With thousands of appointments cancelled and hospital waiting rooms full to bursting, the NHS is in a state of crisis. Its funding model is not working

The NHS is once again in the grip of one if its worst winter crises in living memory. Managers have ordered the cancellation of all non-urgent operations this month and abandoned single-sex wards in an effort to free up beds. Many patients are waiting hours for admission, some stranded in corridors because of crowded waiting rooms. Explaining the situation, Jeremy Hunt, the health secretary, warned that “there is a longer-term funding issue that we need to address as a society”. He was right. These crises will persist until the public demands less of the NHS or pays more for it, either in taxes, charges or premiums.

If the NHS is akin to a national religion in Britain, the demand for a service free at the point of use is its call to prayer. The current financial settlement, however, is unsustainable. In November the chancellor announced £6.3 billion of extra NHS funding over the course of the parliament, including £1.6 billion this year. Health economists reckon that is scarcely half the amount required to maintain the present quality of care.

It is only going to get harder. Looking after an 80-year-old is five times more expensive than looking after a 30-year-old, and the number of octogenarians will double by 2030 to more than six million. A growing armoury of treatments has its price too. On present trends the King’s Fund, a think tank, expects an annual funding gap of about £20 billion by 2023.

The government can alleviate some pressure by making the service leaner. Proposals to close hospital units and concentrate care in specialist centres, for instance, are often met with a great clamour of local opposition. But the evidence shows that this approach saves money and lives. Likewise directing more patients to their local pharmacist would save doctors valuable time.

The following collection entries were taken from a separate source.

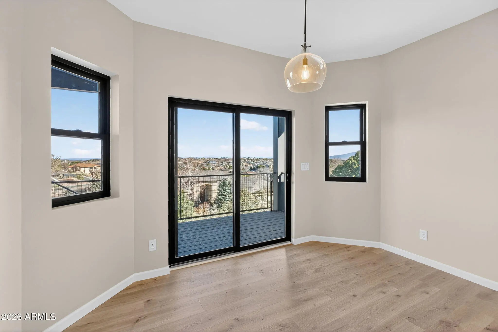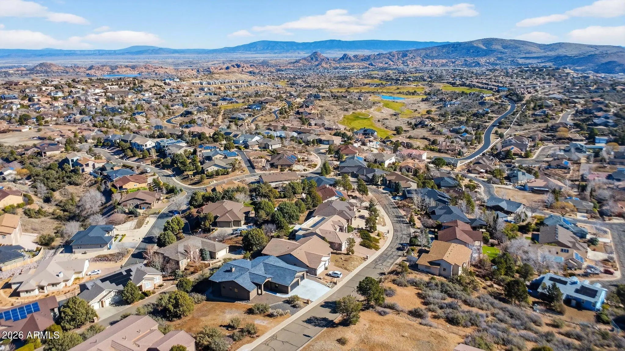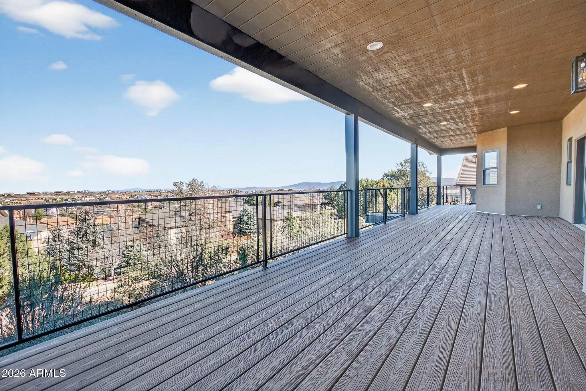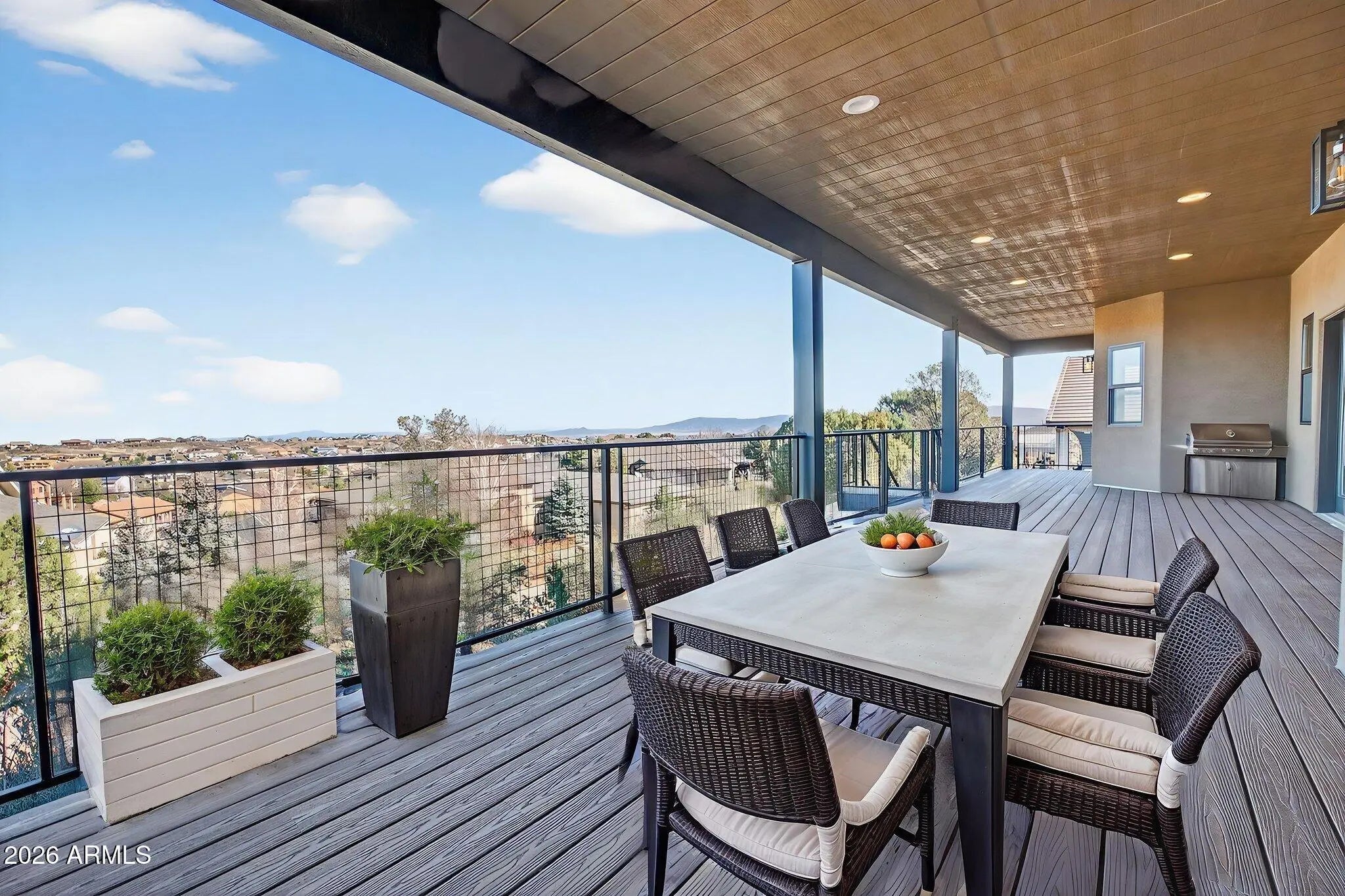 Welcome to this stunning brand-new 2026 custom home in Prescott, thoughtfully crafted for modern living and breathtaking mountain views. Set on a quarter-acre hilltop lot, this 3-bedroom, 2-bath residence offers comfort, elegance, and exceptional indoor-outdoor enjoyment. The light-filled open-concept layout features vaulted ceilings, recessed lighting, designer fixtures, and a striking corner stone fireplace. The eat-in kitchen showcases quartz countertops and backsplash, a stainless appliance package, and functional space and pantry for everyday living. Soak in the panoramic view, relax or entertain from the expansive full-length deck overlooking Granite Mountain, the San Francisco Peaks, tips of the Sedona Red Rocks, and iconic Granite Dells— the deck can be accessed separately from the primary suite, living room, and kitchen. The split floor plan offers a luxurious primary retreat with free-standing garden tub, tiled walk-in shower, dual quartz vanities, and large walk-in closet. Two spacious guest bedrooms and shared full bath reside on the opposite side for comfort and privacy. Additional highlights include a formal dining room (could be used as an office, den or flex room), 3-car attached garage, ample storage, and wood-style flooring. The generously planned laundry room boasts additional quartz, upper/lower cabinets, deep sink, and hanging closet. Low-maintenance rock landscaping and natural bushes provide a clean and natural canvas for future outdoor design. This exceptional home seamlessly combines high-end finishes, breathtaking scenery, and a thoughtfully designed layout. Come view this brand new masterpiece and envision your future, capturing the best of Prescott living!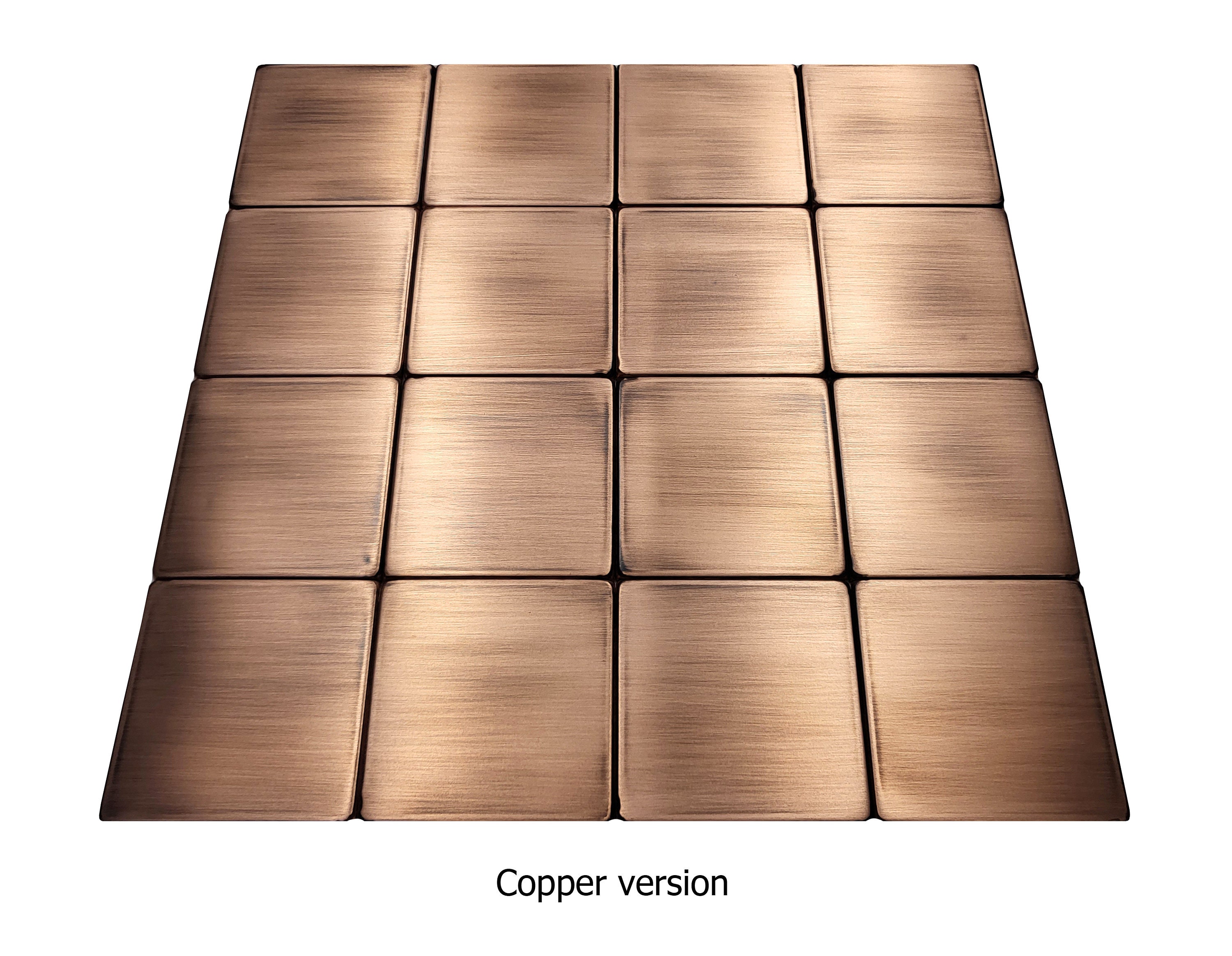 All my tiles are made of 100% real copper. It is not painted plastic or other copper-colored material that you can see from other manufacturers. I also offer tiles made of 100% brass and stainless steel.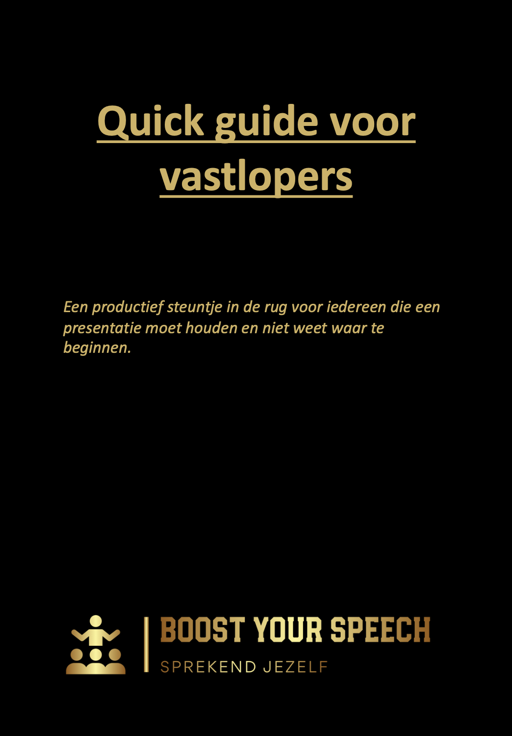 Dank je wel! Ik ga het kort houden, want je bent hier niet voor niets. Je bent vastgelopen in je voorbereiding voor een presentatie, dus je hebt geen tijd voor gedoe. Daarom hieronder meteen de button om het e-book 'Quick guide voor vastlopers' te downloaden.

However, these efficiencies will not correct the fundamental mismatch between demand and money. Already that imbalance is leading to rationing. In December Simon Stevens, chief executive of the NHS, warned of more missed waiting-time targets this year. The service may also curb treatment for conditions such as hearing loss.

Ministers could embrace the vision of a less ambitious NHS, and try to shift some of the burden of care from the public to the private sector. This would mean expanding private insurance coverage. At present only 10.5 per cent of the population has cover, in most cases through their employers.

Equally, the government could seek other sources of revenue. The NHS charges for dentistry and prescriptions but not much else. Even Sweden and Norway, paragons of social democracy, charge for visits to GPs. Germany charges for each day of a stay in hospital, France for X-rays and laboratory tests. Many countries charge patients for treatments such as physiotherapy.

In rich countries these charges tend to be subsidised and come with exemptions to ensure that the poor get care, but small sums can still make a difference. Charging for missed appointments could generate revenue, too. This week we reported that missed appointments cost the NHS nearly £1 billion in the last financial year.

It is also worth considering mandatory social insurance of the kind used in much of western Europe. In Germany 14.6 per cent of each employee’s gross income is collected by insurers and used to fund care. This functions like a hypothecated tax. Moving in this direction would be a radical change, but it deserves a fair hearing given that raising ordinary taxation is politically toxic.

Politicians often dance around the issue of NHS funding with euphemism and obfuscation, warning of the need, in the long run, to have a public conversation about the tough choices that lie ahead. The sooner, the better. When this winter crisis abates, hospitals will begin counting the days until the next one. This cannot go on for ever.